> WORK INSTRUCTION: This task calls for the lines below starting at the one containing "كَذَا لِلْجَمِيعِ بِغَيْرِ" and ending at the one containing "Wool & Wood", repeated exactly with both ends kept and pictures left out.
--- START ---
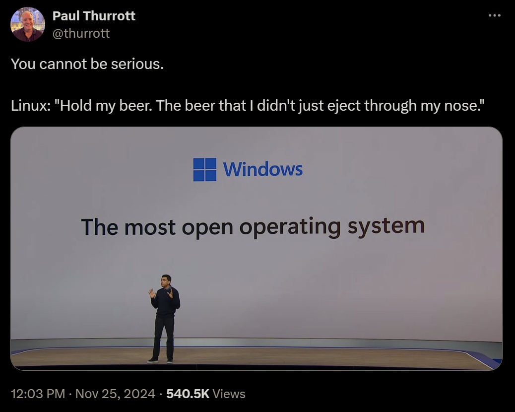 Most seem to take this, as I did, as a complete misunderstanding of what it means to be open as an operating system. Many cracked jokes about security, which is ironic given the context, as in “Maybe open as in, open backdoors and security vulnerabilities.” Or bloatware. Or enshittification. Some, even more humorously, either agreed with this assertion or tried to defend it. Or used this as an opportunity to take a drive-by pot-shot at Linux, for some reason. And dear God, some even tried to mansplain to me. (“Remember, Linux is not an OS, it’s a kernel.”) There many animated GIF responses, so many animated GIF responses. And yeah. It kind of runs the gamut, really.
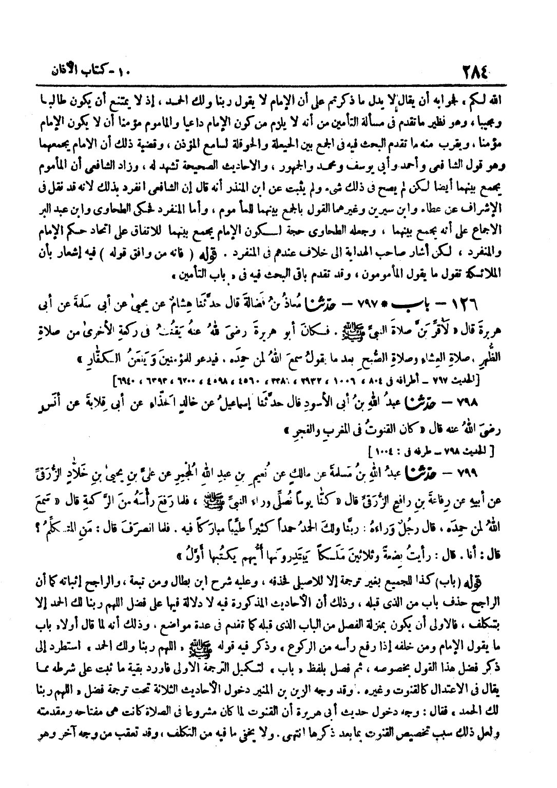 كَذَا لِلْجَمِيعِ بِغَيْرِ تَرْجَمَةٍ إِلَّا للاصيلى فَحَذفهُ وَعَلِيهِ شرح بن بَطَّالٍ وَمَنْ تَبِعَهُ وَالرَّاجِحُ إِثْبَاتُهُ كَمَا أَنَّ الرَّاجِحَ حَذْفُ بَابٍ مِنَ الَّذِي قَبْلَهُ وَذَلِكَ أَنَّ الْأَحَادِيثَ الْمَذْكُورَةَ فِيهِ لَا دَلَالَةَ فِيهَا عَلَى فَضْلِ اللَّهُمَّ رَبَّنَا لَكَ الْحَمْدُ إِلَّا بِتَكَلُّفٍ فَالْأَوْلَى أَنْ يَكُونَ بِمَنْزِلَةِ الْفَصْلِ مِنَ الْبَابِ الَّذِي قَبْلَهُ كَمَا تَقَدَّمَ فِي عِدَّةِ مَوَاضِعَ وَذَلِكَ أَنَّهُ لَمَّا قَالَ أَوَّلًا بَابُ مَا يَقُولُ الْإِمَامُ وَمَنْ خَلْفَهُ إِذَا رَفَعَ رَأْسَهُ مِنَ الرُّكُوعِ وَذَكَرَ فِيهِ قَوْلَهُ صَلَّى اللَّهُ عَلَيْهِ وَسَلَّمَ اللَّهُمَّ رَبَّنَا وَلَكَ الْحَمْدُ اسْتَطْرَدَ إِلَى ذِكْرِ فَضْلِ هَذَا الْقَوْلِ بِخُصُوصِهِ ثُمَّ فَصَلَ بِلَفْظِ بَابٍ لِتَكْمِيلِ التَّرْجَمَةِ الْأُولَى فَأَوْرَدَ بَقِيَّةَ مَا ثَبَتَ عَلَى شَرْطِهِ مِمَّا يُقَالُ فِي الِاعْتِدَالِ كَالْقُنُوتِ وَغَيْرِهِ وَقَدْ وَجَّهَ الزين بن الْمُنِيرِ دُخُولَ الْأَحَادِيثِ الثَّلَاثَةِ تَحْتَ تَرْجَمَةِ فَضْلِ اللَّهُمَّ رَبَّنَا لَكَ الْحَمْدُ فَقَالَ وَجْهُ دُخُولِ حَدِيثِ أَبِي هُرَيْرَةَ أَنَّ الْقُنُوتَ لَمَّا كَانَ مَشْرُوعا فِي الصَّلَاة كَانَت هِيَ مِفْتَاحُهُ وَمُقَدِّمَتُهُ وَلَعَلَّ ذَلِكَ سَبَبُ تَخْصِيصِ الْقُنُوتِ بِمَا بَعْدَ ذِكْرِهَا انْتَهَى وَلَا يَخْفَى مَا فِيهِ مِنَ التَّكَلُّفِ وَقَدْ تُعُقِّبَ مِنْ وَجْهٍ آخَرَ وَهُوَ
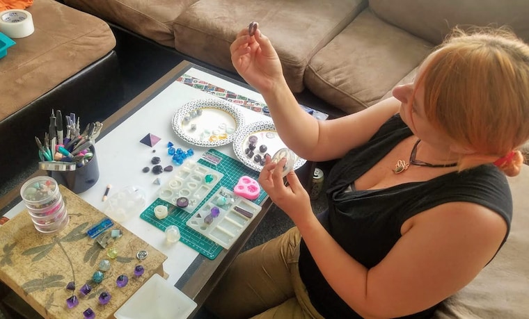 Resin art especially has always caught my fascination; I love to see “the devil is in the details”. Resin creates a snow-globe-like design frozen in time that show something new from each angle. I love being able to make something with the combination of my memory, imagination and hands.
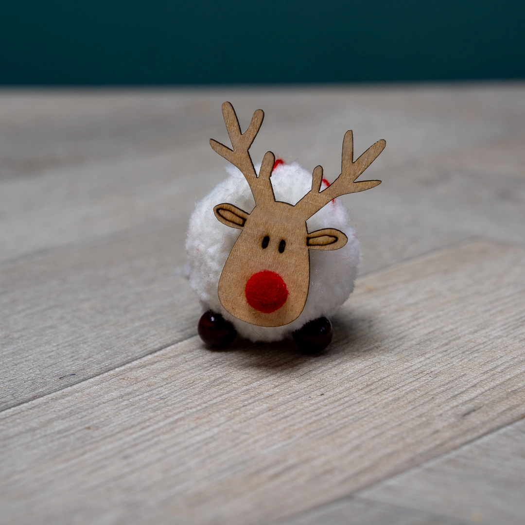 Wool & Wood Round Raindeer Hand-made Christmas Tree Decoration D4cm (1.5Inch)
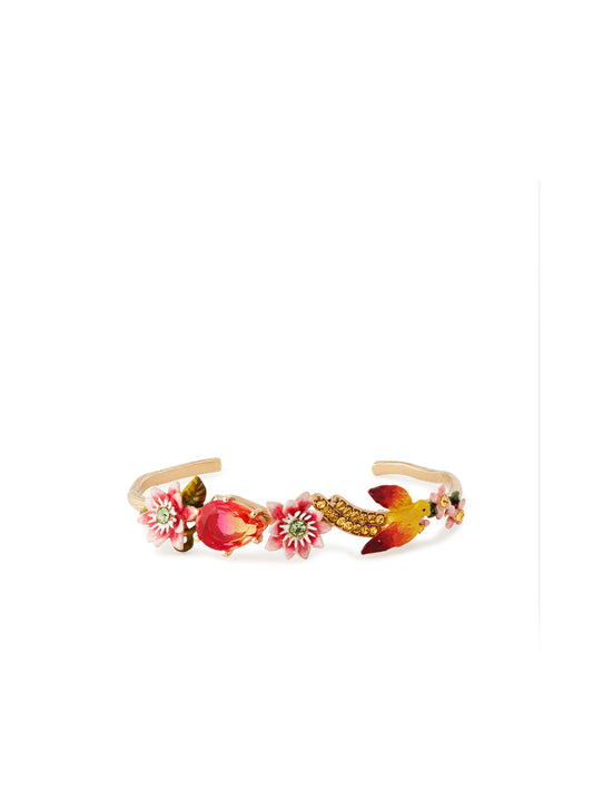 Passion Flower, Budgie And Faceted Crystal Pear Cuff Bracelet
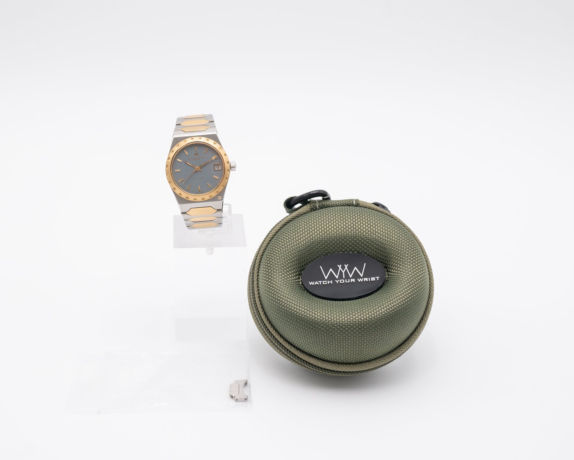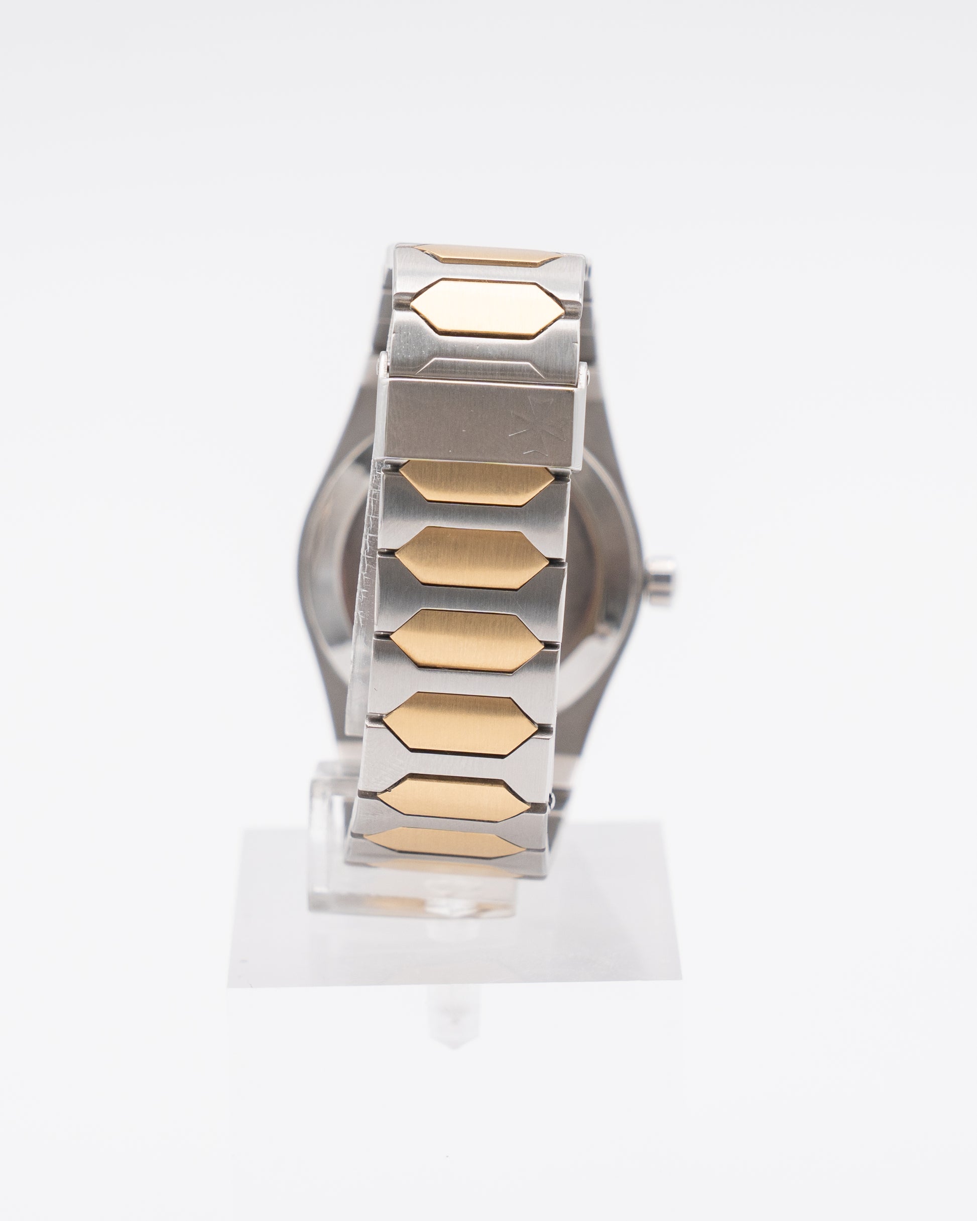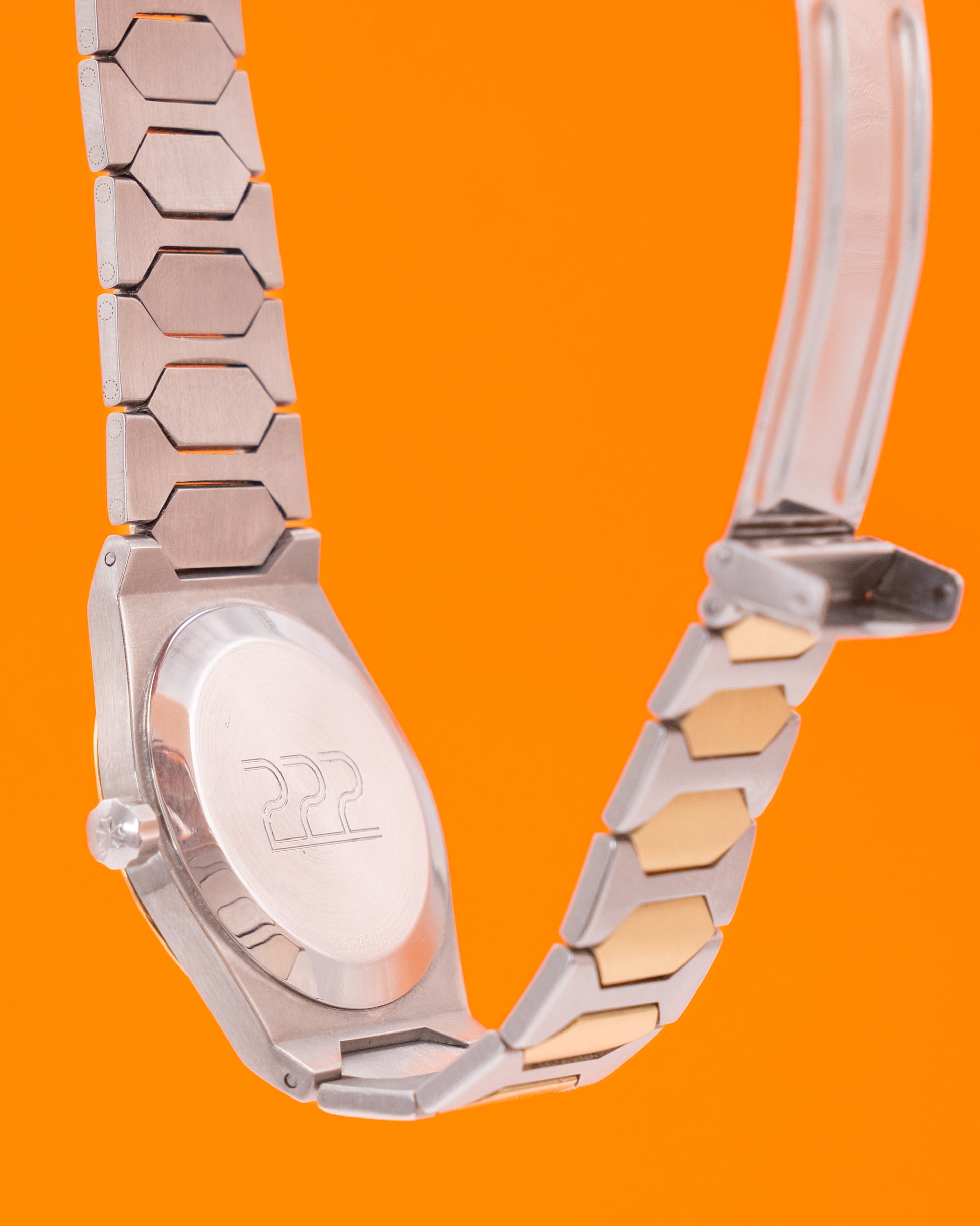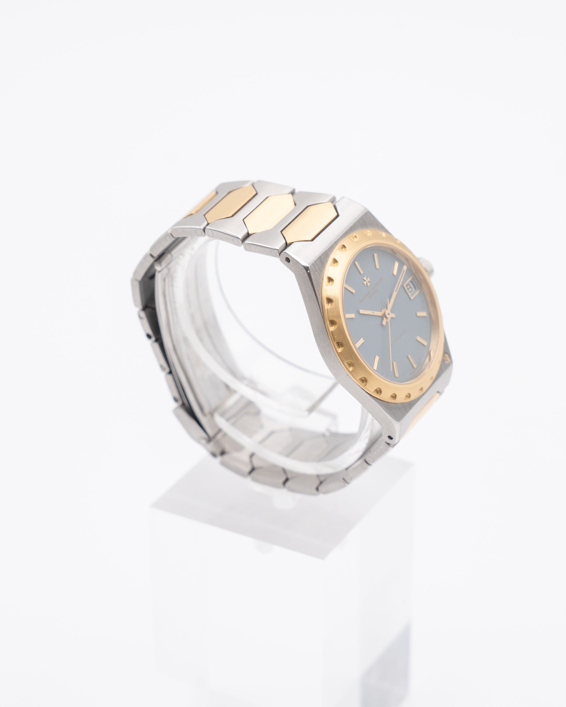 The Vacheron Constantin 222 44018 is a legendary timepiece that embodies the elegance and craftsmanship of Vacheron Constantin’s rich heritage. Originally introduced in 1977 to commemorate the brand’s 222nd anniversary, this model is an icon of luxury sports watches. Featuring a 35mm stainless steel case with yellow gold accents, the watch exudes a refined yet sporty aesthetic. The gray dial, complemented by gold-tone hour markers and hands, offers a timeless and sophisticated look, while the integrated steel and yellow gold bracelet enhances both comfort and style. The distinct notched bezel and sleek profile further solidify its place as a highly collectible timepiece.
--- END ---
> ANSWER SPACE:
 كَذَا لِلْجَمِيعِ بِغَيْرِ تَرْجَمَةٍ إِلَّا للاصيلى فَحَذفهُ وَعَلِيهِ شرح بن بَطَّالٍ وَمَنْ تَبِعَهُ وَالرَّاجِحُ إِثْبَاتُهُ كَمَا أَنَّ الرَّاجِحَ حَذْفُ بَابٍ مِنَ الَّذِي قَبْلَهُ وَذَلِكَ أَنَّ الْأَحَادِيثَ الْمَذْكُورَةَ فِيهِ لَا دَلَالَةَ فِيهَا عَلَى فَضْلِ اللَّهُمَّ رَبَّنَا لَكَ الْحَمْدُ إِلَّا بِتَكَلُّفٍ فَالْأَوْلَى أَنْ يَكُونَ بِمَنْزِلَةِ الْفَصْلِ مِنَ الْبَابِ الَّذِي قَبْلَهُ كَمَا تَقَدَّمَ فِي عِدَّةِ مَوَاضِعَ وَذَلِكَ أَنَّهُ لَمَّا قَالَ أَوَّلًا بَابُ مَا يَقُولُ الْإِمَامُ وَمَنْ خَلْفَهُ إِذَا رَفَعَ رَأْسَهُ مِنَ الرُّكُوعِ وَذَكَرَ فِيهِ قَوْلَهُ صَلَّى اللَّهُ عَلَيْهِ وَسَلَّمَ اللَّهُمَّ رَبَّنَا وَلَكَ الْحَمْدُ اسْتَطْرَدَ إِلَى ذِكْرِ فَضْلِ هَذَا الْقَوْلِ بِخُصُوصِهِ ثُمَّ فَصَلَ بِلَفْظِ بَابٍ لِتَكْمِيلِ التَّرْجَمَةِ الْأُولَى فَأَوْرَدَ بَقِيَّةَ مَا ثَبَتَ عَلَى شَرْطِهِ مِمَّا يُقَالُ فِي الِاعْتِدَالِ كَالْقُنُوتِ وَغَيْرِهِ وَقَدْ وَجَّهَ الزين بن الْمُنِيرِ دُخُولَ الْأَحَادِيثِ الثَّلَاثَةِ تَحْتَ تَرْجَمَةِ فَضْلِ اللَّهُمَّ رَبَّنَا لَكَ الْحَمْدُ فَقَالَ وَجْهُ دُخُولِ حَدِيثِ أَبِي هُرَيْرَةَ أَنَّ الْقُنُوتَ لَمَّا كَانَ مَشْرُوعا فِي الصَّلَاة كَانَت هِيَ مِفْتَاحُهُ وَمُقَدِّمَتُهُ وَلَعَلَّ ذَلِكَ سَبَبُ تَخْصِيصِ الْقُنُوتِ بِمَا بَعْدَ ذِكْرِهَا انْتَهَى وَلَا يَخْفَى مَا فِيهِ مِنَ التَّكَلُّفِ وَقَدْ تُعُقِّبَ مِنْ وَجْهٍ آخَرَ وَهُوَ
 Resin art especially has always caught my fascination; I love to see “the devil is in the details”. Resin creates a snow-globe-like design frozen in time that show something new from each angle. I love being able to make something with the combination of my memory, imagination and hands.
 Wool & Wood Round Raindeer Hand-made Christmas Tree Decoration D4cm (1.5Inch)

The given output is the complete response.